*Problem to work on*. All lines from the one containing "Obraz premium Young" through the end of the data below are to be repeated exactly, with pictures left out.

*Given information*.
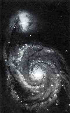 Рис. 0.4. Спиральное облако М51 в созвездии Гончих Псов. Мы смотрим перпендикулярно плоскости Млечного Пути. Светлые спирали — места, где яркие голубые звезды возбуждают свечение межзвездного газа. Свет от этих звездных систем дошел до нас примерно за 12 миллионов лет. (Снимок Военно-морской обсерватории США, Вашингтон.)
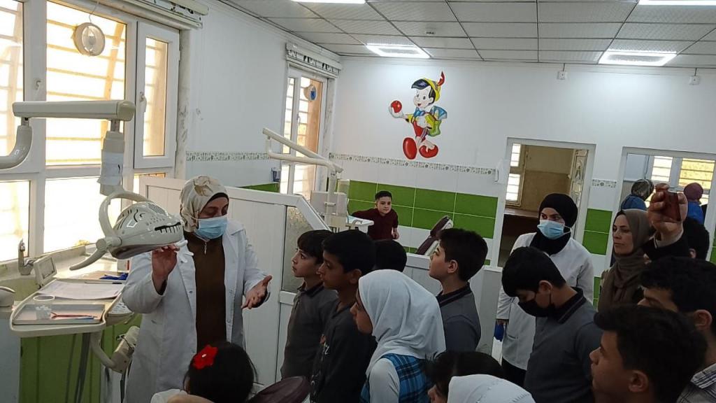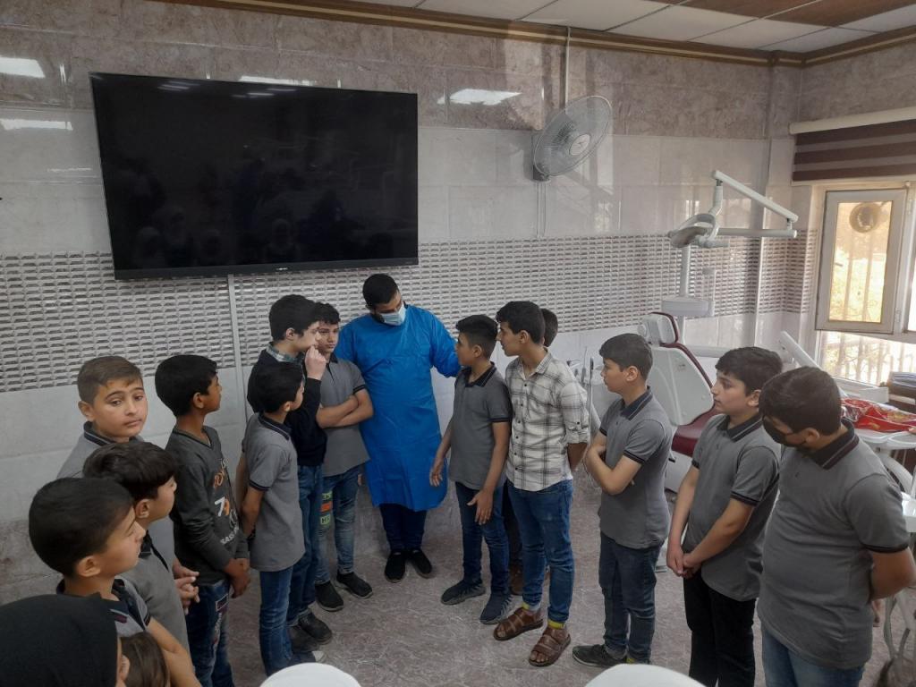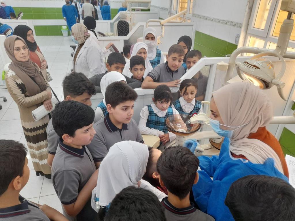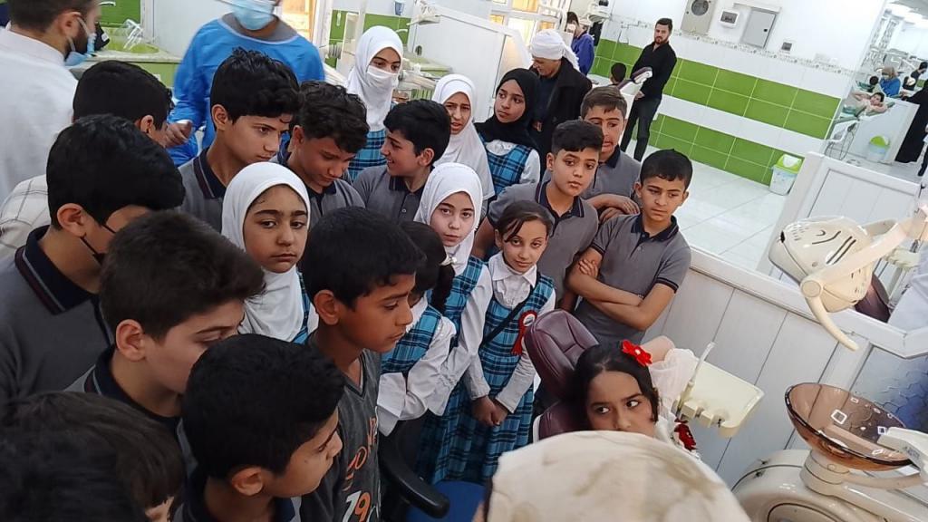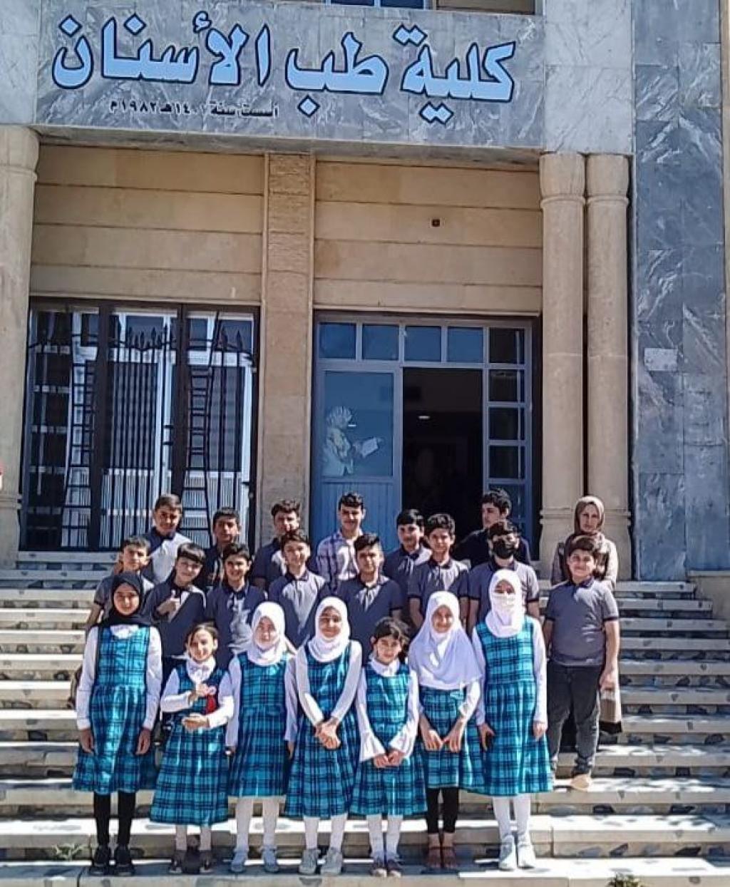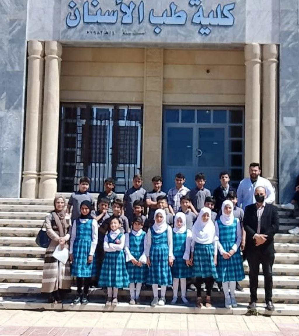 استقبلت كلية طب الأسنان يوم الخميس الموافق ٢١/نيسان/٢٠٢٢ تلاميذ مدرسة دار العلوم الأهلية والكادر التربوي المرافق. شملت الزيارة العيادات التعليمية، حيث أجريت لهم جولة في الفروع العلمية قدم من خلالها أعضاء الهيئة التدريسية في الفروع العلمية شروحات مبسطة عن أهمية العناية بالفم والأسنان.
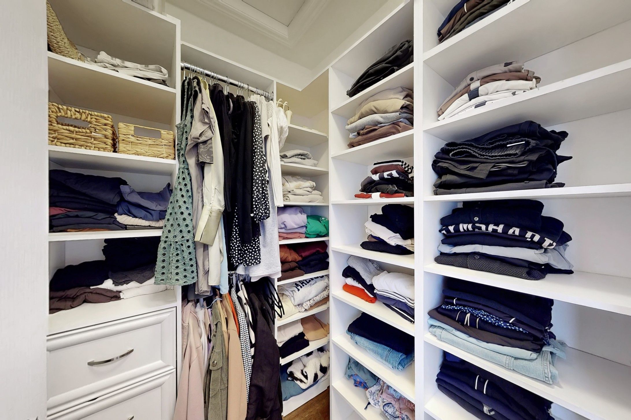 • Primary bedroom features dual closets and a Juliette balcony for natural light.
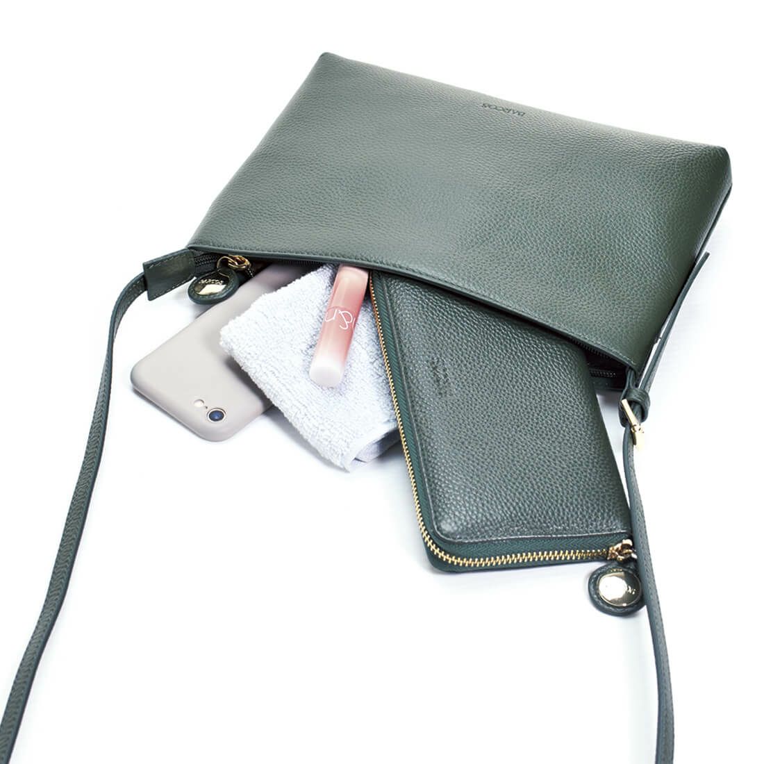 長財布の他に、スマホや手帳、ハンカチなどしまっていただける大きさです。
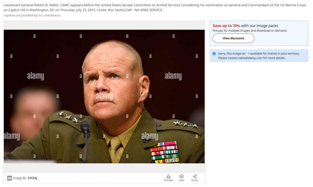 在BBC官网上搜索关键词“Robert Jefferson”,并未发现任何“美国准将”接受采访的消息。事实上,美军中也没有任何名为罗伯特·杰斐逊的“准将”。对Panorama使用的这张照片进行反搜,可知图中这位将军名为罗伯特·内勒(Robert Neller),2015年起担任美国海军陆战队第37任司令,2019年卸任并退役。根据Alamy图片库的描述,原图拍摄于2015年7月内勒出席美参议院军事委员会,被提名为海军陆战队司令现场。
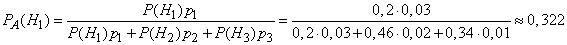 Пример. На склад поступило 1000 подшипников. Из них 200 изготовлены на 1-м заводе, 460—на 2-м и 340 - на 3-м. Вероятность того, что подшипник окажется нестандартным, для 1-го завода равна 0,03, для 2-го — 0,02, для 3-го — 0,01. Взятый наудачу подшипник оказался нестандартным. Какова вероятность того, что он изготовлен 1-м заводом? Решение: Пусть A — событие, состоящее в том, что взятый Подшипник нестандартный, а
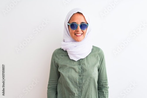 Obraz premium Young Arab woman wearing hijab and summer sunglasses over isolated background with a happy and cool smile on face. Lucky person.
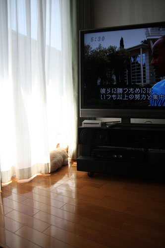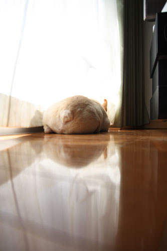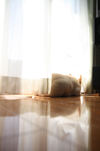 そのな時は決まってカーテンの内側の陽が当たるところを陣取り、気持ちよさそうに日向ぼっこするのがルーティーンとなっているニコ氏。
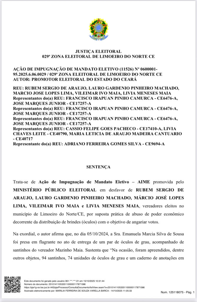 A Justiça Eleitoral da 29ª Zona de Limoeiro do Norte julgou procedente a Ação de Impugnação de Mandato Eletivo (AIME) movida pelo Ministério Público Eleitoral e determinou a cassação do mandato do vereador Rubem Sérgio de Araújo, conhecido como “Cabo Rubem”, por compra de votos e abuso de poder econômico nas eleições de 2024. A decisão, assinada pela juíza Marília Ferreira de Souza Varella Barca, também cassou os mandatos de Lívia Meneses Maia, Vileimar Ivo Maia (Mazinho Maia ou Mazinho da Net), Márcio José Lopes Lima (Professor Márcio) e Lauro Gardênio Pinheiro Machado, todos acusados de integrar um esquema de distribuição de óculos e consultas oftalmológicas em troca de votos.
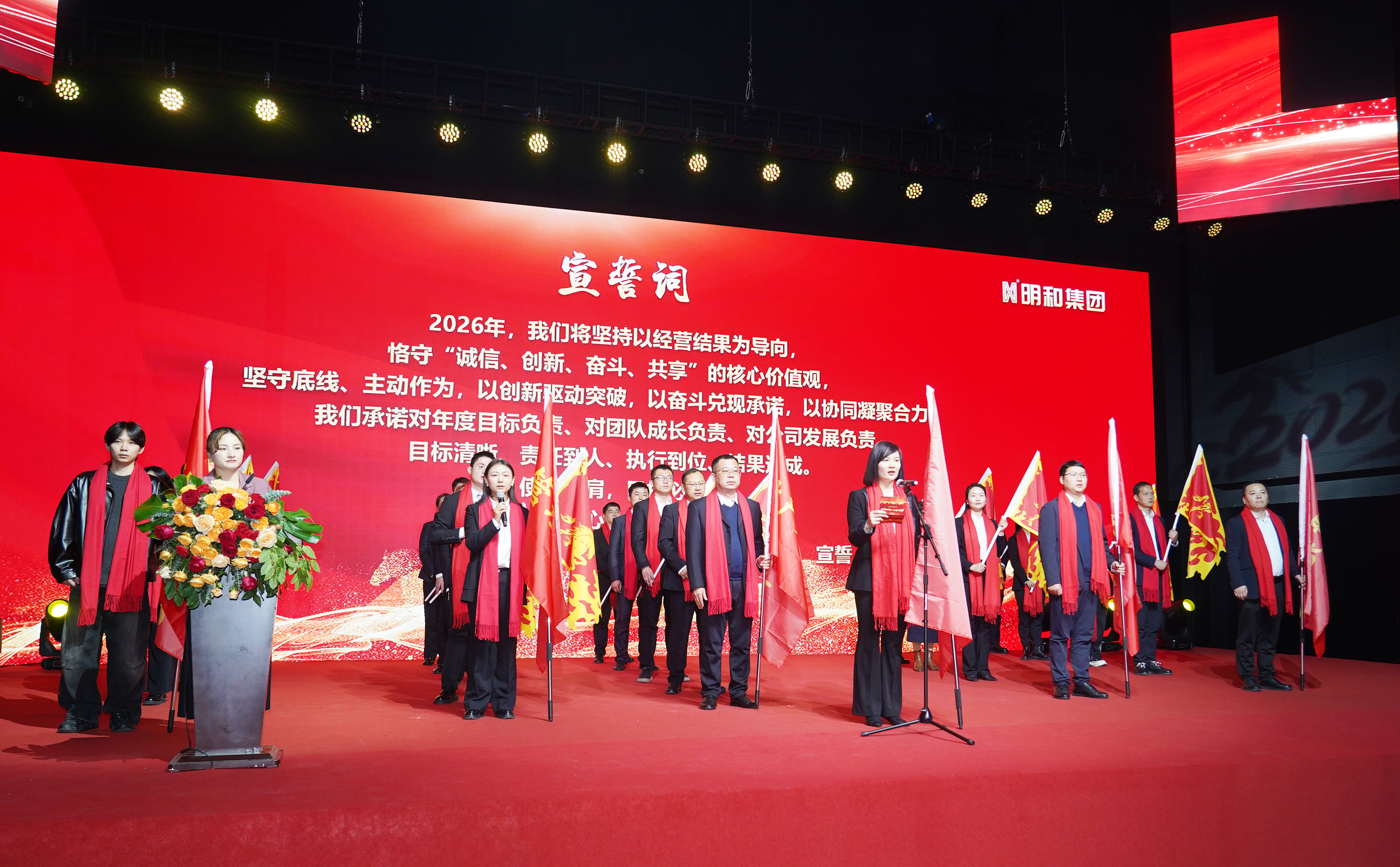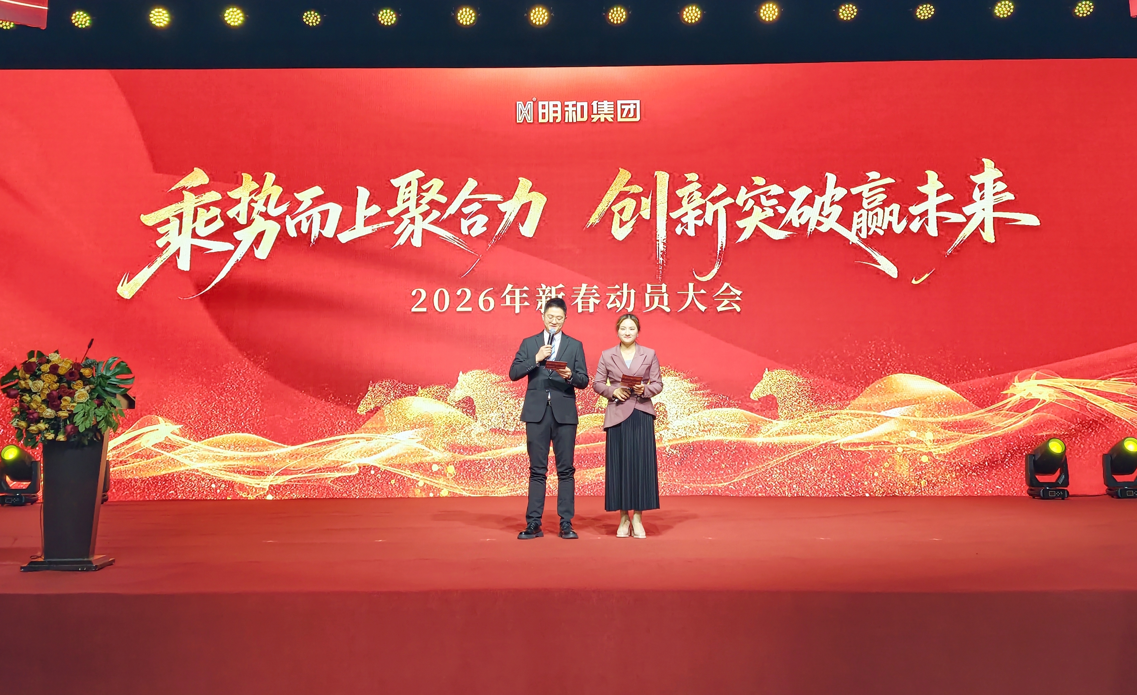 上午9时8分,明和集团“乘势而上聚合力 创新突破赢未来”2026年新春动员大会正式启幕。

*Output for this task*.
 Obraz premium Young Arab woman wearing hijab and summer sunglasses over isolated background with a happy and cool smile on face. Lucky person.
 そのな時は決まってカーテンの内側の陽が当たるところを陣取り、気持ちよさそうに日向ぼっこするのがルーティーンとなっているニコ氏。
 A Justiça Eleitoral da 29ª Zona de Limoeiro do Norte julgou procedente a Ação de Impugnação de Mandato Eletivo (AIME) movida pelo Ministério Público Eleitoral e determinou a cassação do mandato do vereador Rubem Sérgio de Araújo, conhecido como “Cabo Rubem”, por compra de votos e abuso de poder econômico nas eleições de 2024. A decisão, assinada pela juíza Marília Ferreira de Souza Varella Barca, também cassou os mandatos de Lívia Meneses Maia, Vileimar Ivo Maia (Mazinho Maia ou Mazinho da Net), Márcio José Lopes Lima (Professor Márcio) e Lauro Gardênio Pinheiro Machado, todos acusados de integrar um esquema de distribuição de óculos e consultas oftalmológicas em troca de votos.
 上午9时8分,明和集团“乘势而上聚合力 创新突破赢未来”2026年新春动员大会正式启幕。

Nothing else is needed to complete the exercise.